If you embrace the idea of playing in all keys as an essential musical skill, just combine key signature learning with scale practice. By the time you have learned to play all of your scales you will know all the key signatures. If you don't embrace this idea, you will probably be forever befuddled by key signatures.

• In the next few weeks I'll make some videos using my 'two-handed music theory calculator'. Anyone will be instantly able to figure out how many sharps or flats, what they are, where they are, the chords of the scale, how to figure out a scale from a few notes or chords, etc. Jan 13, 2022 at 6:02
• @RandyZeitman - I hope for a "calculator breaks down" result or a result that spews out the chromatic scale or close to it for scale results for chromatic chord progressions like Bbm-Bm-Bbm-Am (start of "You Will Know Our Names" from Xenoblade Chronicles, piece actually manages to stay in B flat minor despite stuff like this). Jan 13, 2022 at 13:05
• @RandyZeitman, sounds like Chisanbop. Why not learn music from music? Jan 13, 2022 at 13:35
• Actually it just starts with two hands to create a pattern. Good point. "Why not learn music from music?" It doesn't teach music.

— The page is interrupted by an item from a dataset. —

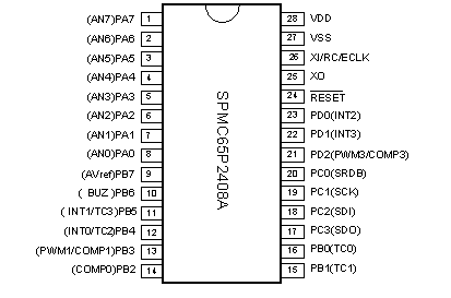 性能出色定時器和PWM信號發(fā)生器組。 SPMC75F2413A在4.5V~5.5V工作電壓范圍內(nèi)的工作速度范圍為0~24MHZ,擁有2K字SRAM和32K字閃存ROM;最多64個可編程的多功能I/O端口
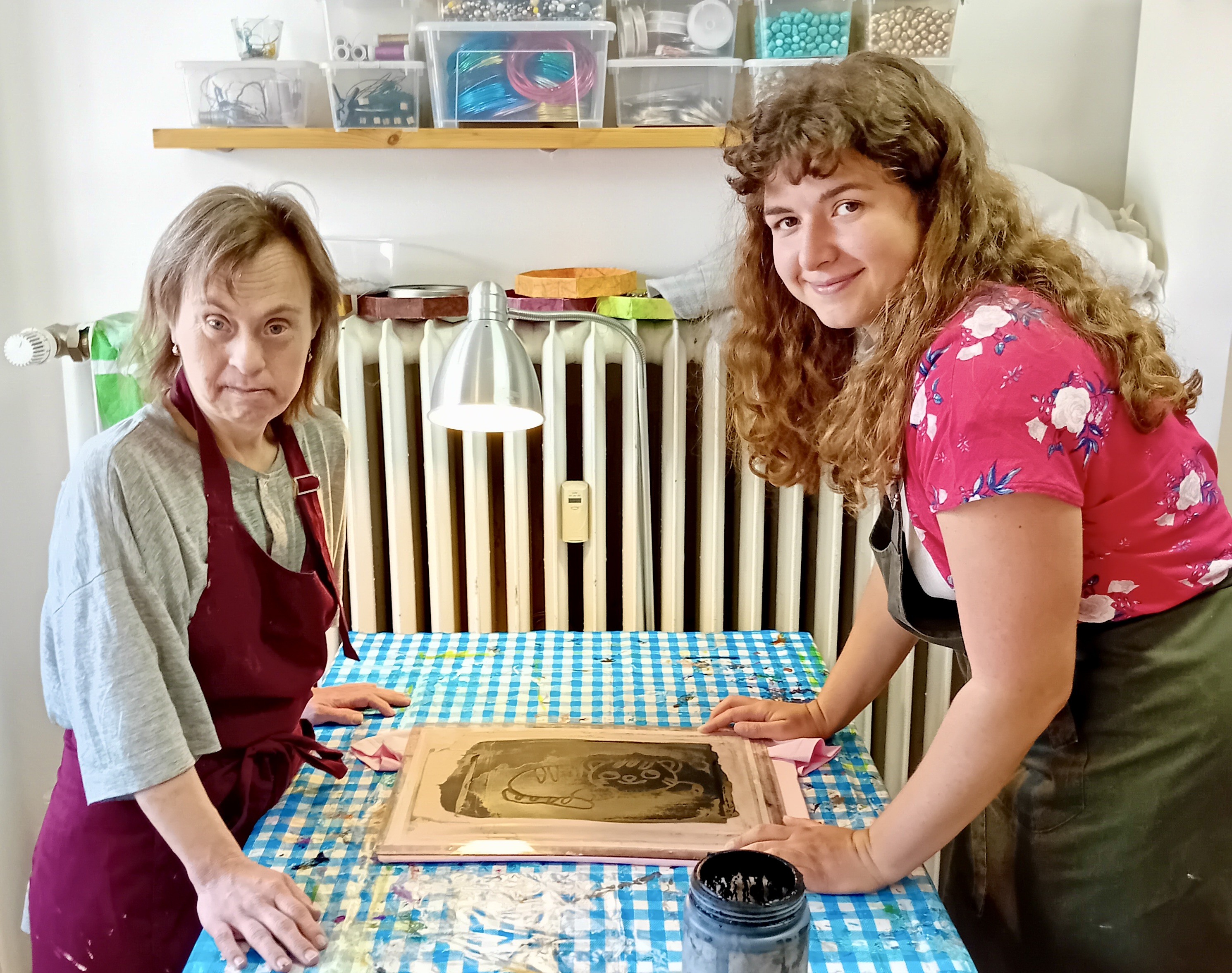 Klienti v CDS Galerie Duhovka mají pestrý program, jehož součástí jsou, kromě jiného, i kreativní činnosti a získávání a udržování pracovních návyků. Na sítotisku vytvářejí pěkné kousky už několik let. Jsou to například tašky, plakátky z projektu Umělci DUZE. Najdete na charitativním e-shopu Společnosti DUHA. Svým nákupem můžete potěšit autory, dospělé lidi s mentálním znevýhodněním i Vy. Děkujeme.

It's a shortcut method to simplify understanding the relationship between notes, scales, chords and harmony. There's no analysis. Jan 13, 2022 at 17:59

Look at the major scale intervals

WWHWWWH

Starting with CMajor the notes are CDEFGAB(C).

The EF and BC fall on the H's so there's no sharps or flats.

But the next key up starts at position 5, but then the EF doesn't fall on an H but instead a W. So a half step is needed on note 7.

In Gmajor the 6 and 7th notes are E and F# where as in C they were A-B (a whole, no accidentals needed).

The distance is the same ... 12 half notes per octave but as each key starts at the fifth note, and the pattern is 2W,H,3W,H the notes have to change to fit the pattern as only BC and EF are half tones.